**Extracted data entries**
****************
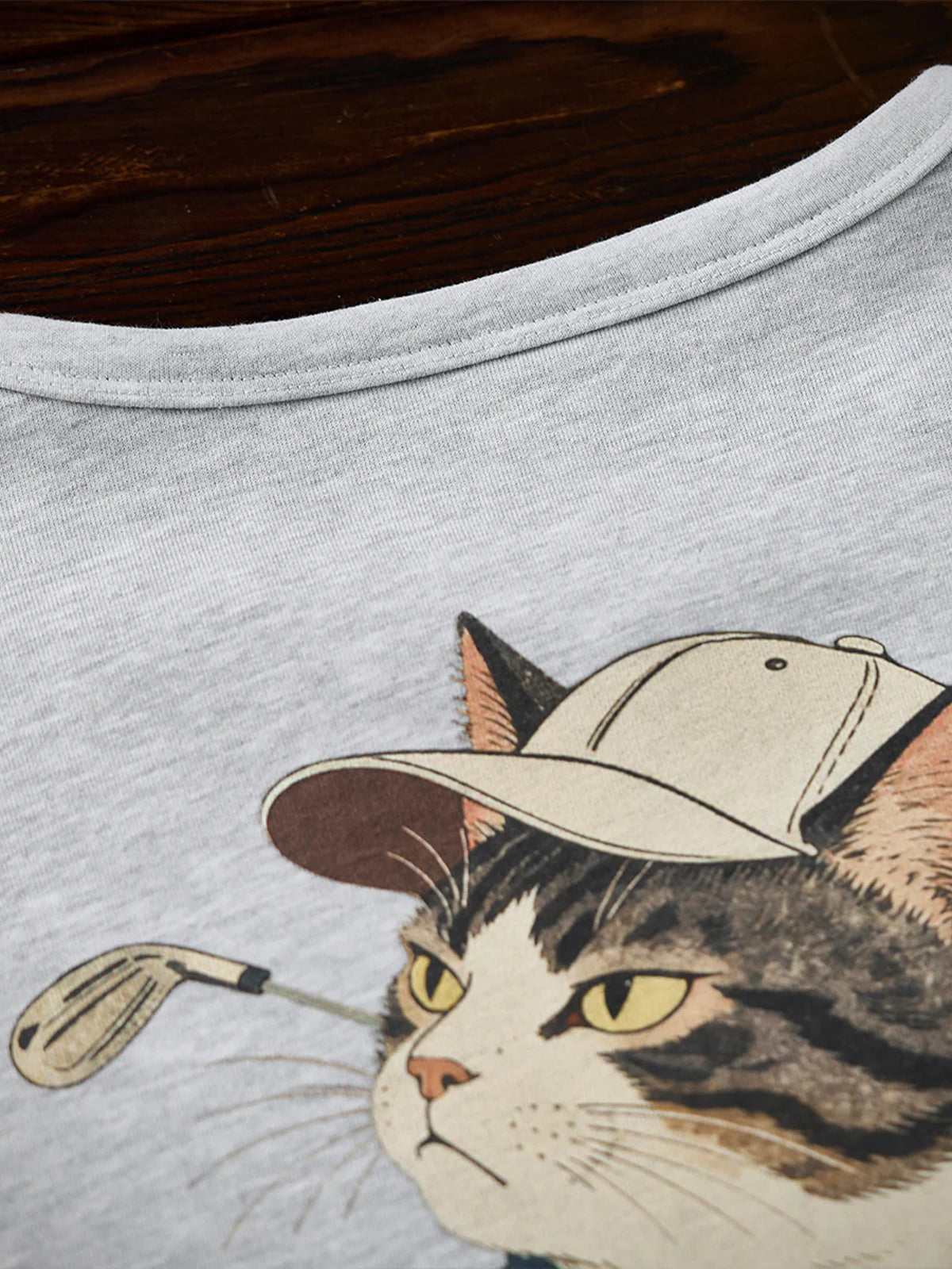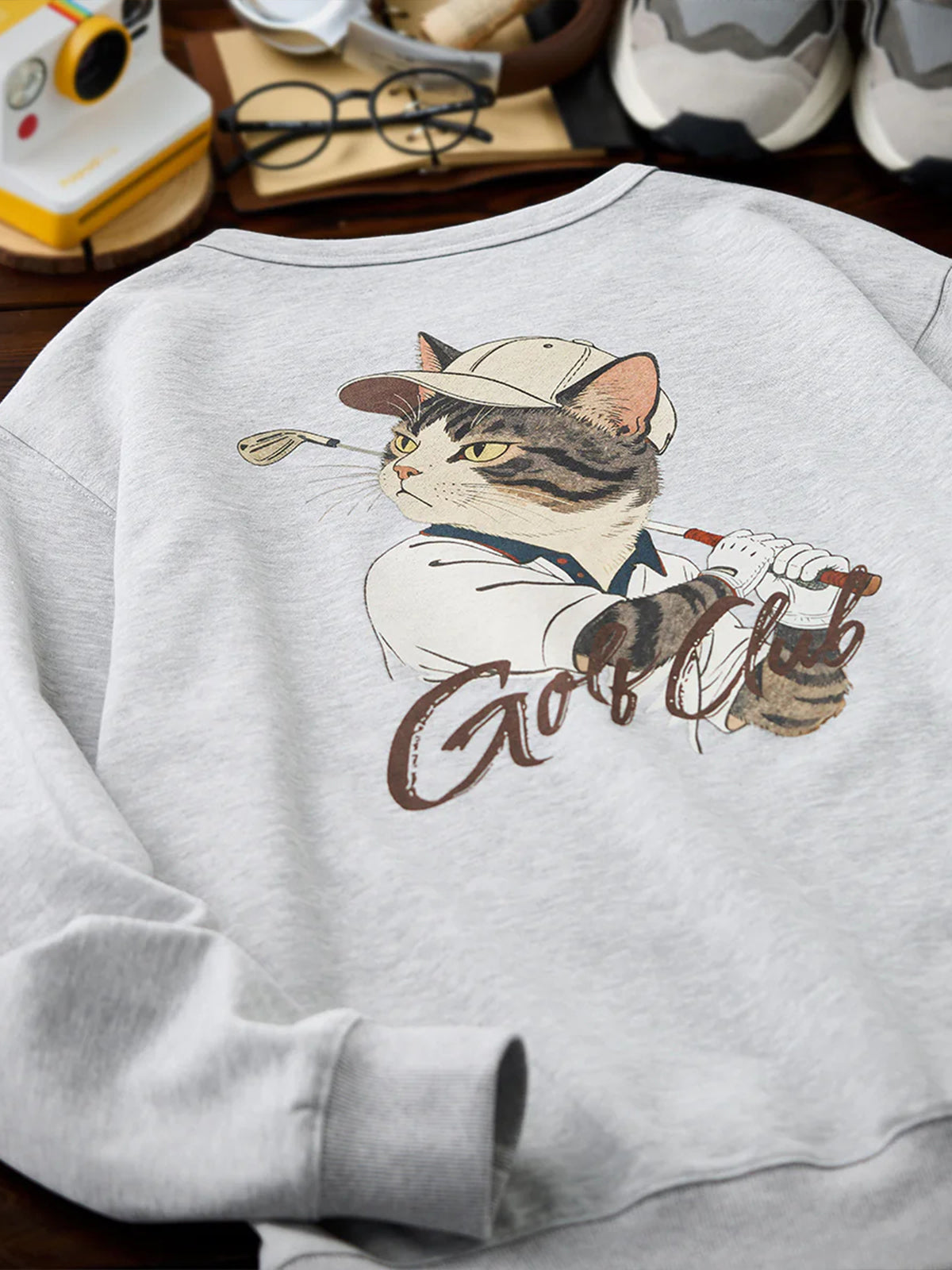 “Golf Cat’s Swing” Back-Print V-Gusset Pullover Sweatshirt
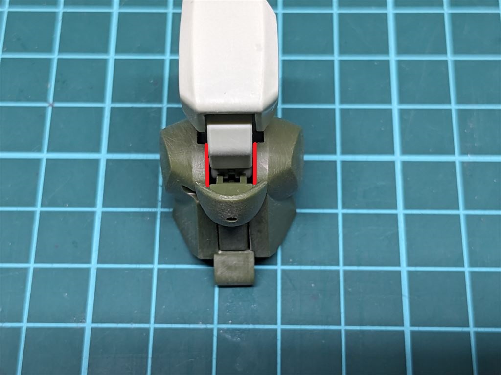 マシンガン(分割した下側)の本体側への差し込み部はきつめなので、上下左右を軽く削って調整しました。
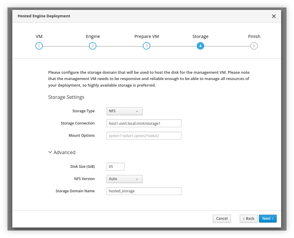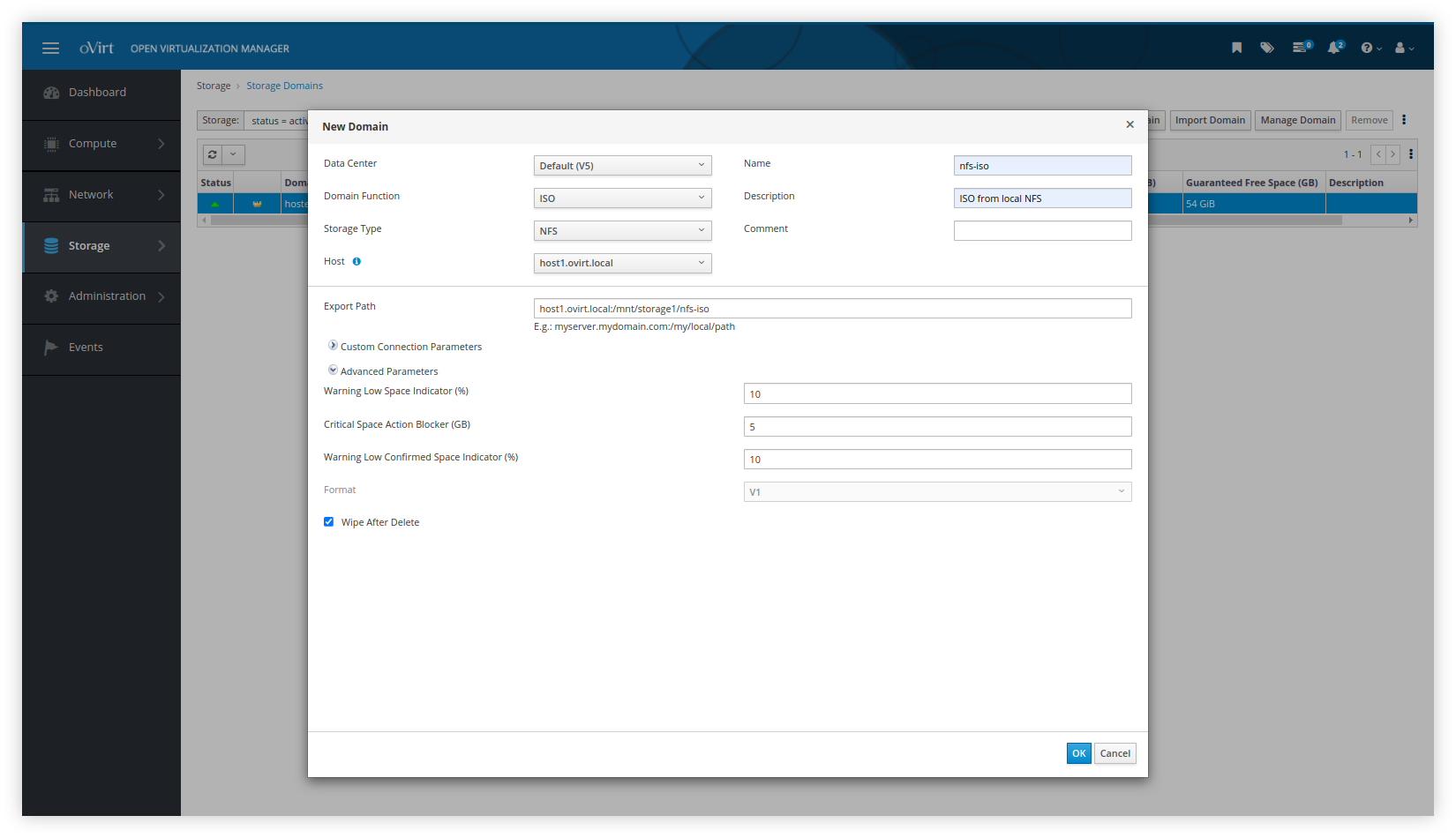 Seusai VM Self-hosted Engine sudah berhasil dinyalakan, kita lanjutkan dengan membuat Storage Domain. Fungsinya nanti adalah untuk menampung berbagai images baik file ISO Installer maupun virtual disk bagi VM yang akan dibuat. Karena sebelumnya kita sudah membuat NFS server, maka seharusnya sekarang tinggal kita hubungkan saja seperti berikut.
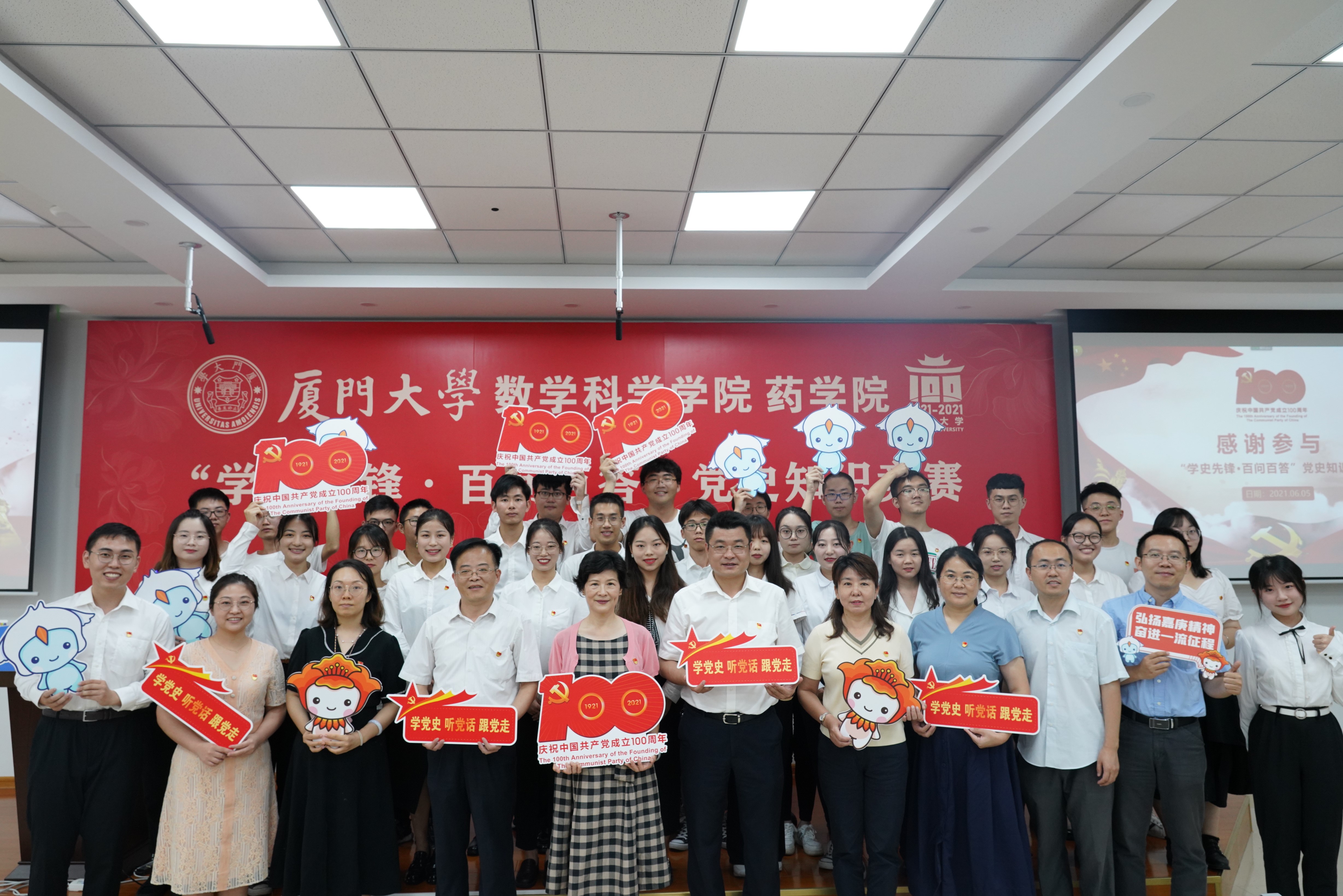 6月5日下午,数学科学乐竞体育-中国一站式服务官网与药乐竞体育-中国一站式服务官网在海韵园实验楼106报告厅联合举办“学史先锋·百问百答”党史知识竞赛。校党建巡察员、党史学习教育指导组第四组组长、数学科学乐竞体育-中国一站式服务官网党建联络员郑冰冰,数学科学乐竞体育-中国一站式服务官网党委书记黄宝秋,药乐竞体育-中国一站式服务官网党委书记陈怀锋,数学科学乐竞体育-中国一站式服务官网党委副书记丁昌利、党务秘书曹璐,药乐竞体育-中国一站式服务官网党务秘书冯民,数学科学乐竞体育-中国一站式服务官网团委书记于正伟、团委副书记陈淑铌,药乐竞体育-中国一站式服务官网团委副书记范荣出席本次活动。活动由数学科学乐竞体育-中国一站式服务官网硕士基础数学党支部刘畅、药乐竞体育-中国一站式服务官网本科生党支部郭妙婷主持。
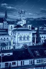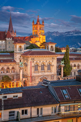 City of Lausanne. Cityscape image of downtown Lausanne, Switzerland during twilight blue hour.
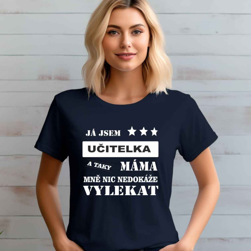 Originální tričko pro učitelku, která svou práci zvládá s úsměvem a nadhledem! Perfektní dárek na Vánoce, k pololetí, ke konci školního roku nebo prostě jen tak, jako malé poděkování. Kvalitní materiál a pohodlný střih ji budou provázet každý den, a potisk dodá její osobnosti šmrnc.
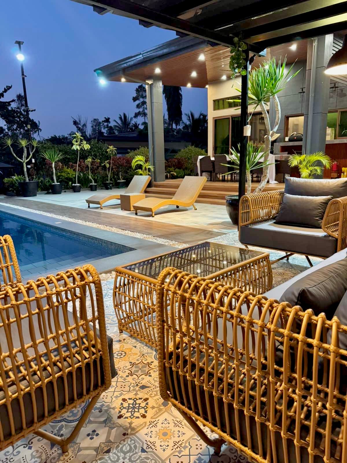 Relaxa't i relaxa't en aquest espai tranquil i elegant. Piscina d'immersió privada INCLOU: Piscina per🏊♂️ a adults (1,2-1,5 metres), 15 metres quadrats Zona 🛜wifi ❄️2 habitacions amb aire condicionat (màxim 4 persones per habitació) per a un total de 8 persones ❄️1 sala d'entreteniment amb aire condicionat i Piano de karaoke🎤 Platinum XL SD WI 21.000 cançons o més Netflix 🎬il·limitat 🎲Jocs de taula 🧊Nevera Dispensador d'☕️🧊aigua 🍽️ Estris i utensilis de cuina ♨️ Microones i torradora ⏲ Fogons️ d'inducció 🍚 Arrossera 🎯Dart Places 🅿️d'aparcament 🍖Graella (no s'inclou el carbó)
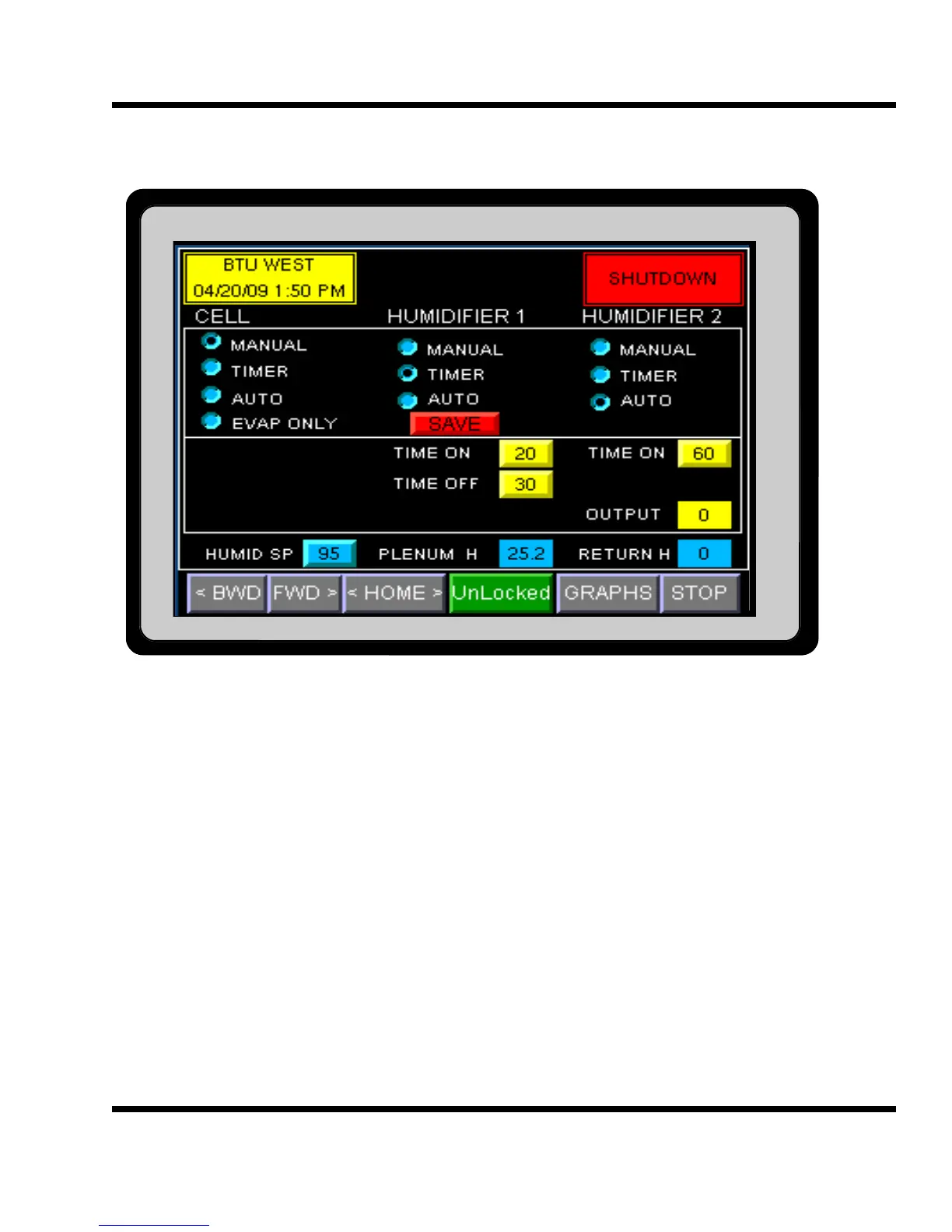 The HUMIDITY CONTROL screen allows the user to make adjustments to the humidity control. Caution: it is
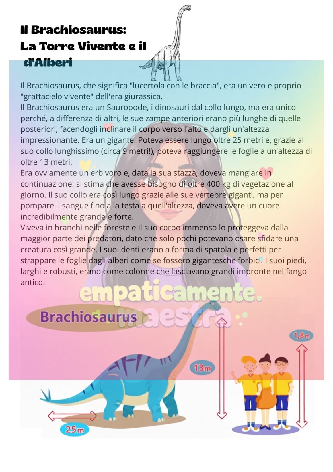– 4 schede con la descrizione di quattro diversi dinosauri con caratteristiche e curiosità;
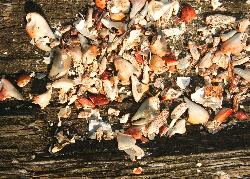 red streak and beaded with rain droplets.
****************
**TASK TO COMPLETE**
With the pictures left out, output the lines from the one containing "The HUMIDITY CONTROL screen" through the last line of the records above, exactly as they are.

**ANSWER TO THIS TASK**
 The HUMIDITY CONTROL screen allows the user to make adjustments to the humidity control. Caution: it is
– 4 schede con la descrizione di quattro diversi dinosauri con caratteristiche e curiosità;
 red streak and beaded with rain droplets.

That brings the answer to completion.